The last time I wrote about Daniel Gutierrez Jr., on Dec. 3, I said he was red-eyed and exhausted from two sleepless nights.
I had spoken to him briefly after his family’s popular restaurant in the Pilsen neighborhood, Nuevo Leon, went up in flames.
This week I saw Gutierrez, 44, ready to work in his chef’s jacket at his new restaurant, Canton Regio, at 1510 W. 18th St., across the street from the still burned-out Nuevo Leon.
“This was a dream of mine,” he said of the new place.
OPINION
There was no need for another restaurant back when he, his siblings and parents bustled at Nuevo Leon, he said.

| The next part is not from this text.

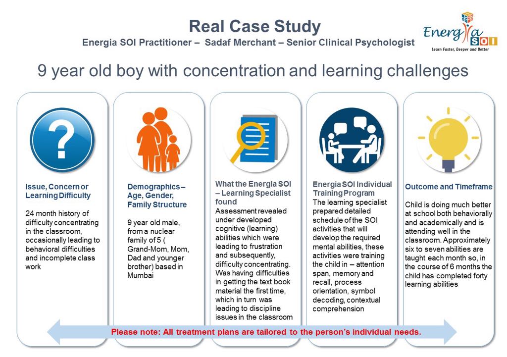It is a unique program, which is positively changing the way individual learn, this methodology of the program is helping people of all ages. Energia SOI program is changing the future of learning and building stronger academic foundations. This is a system of tests and training materials to develop intellectual learning abilities necessary for academic success. Train weak abilities and enhance strong ones. It is a US based program that provides you with the necessary tools so that all students can reach their full learning potential. The key to remedy learning failure is to know why the failure is occurring and to have a systematic approach for eliminating the cause. Existing since last 60 years

His grandparents opened Nuevo Leon in the early 1960s. Eventually, they passed it on to Gutierrez’s father, Daniel Sr., who ran it with Daniel Jr. up until the fire, after which came a pressing need to go back to work.
Daniel Jr. said it hurt to see his dad grieving the loss of the family business.
“I don’t want to say he was depressed, but he was lost,” Daniel Jr. said. “I felt the need to open something for both of us.”
His father says he’s still devastated, even though there are plans to rebuild Nuevo Leon. “It’s the only job I had, except for going in the service for a few years,” Daniel Sr., 69, said.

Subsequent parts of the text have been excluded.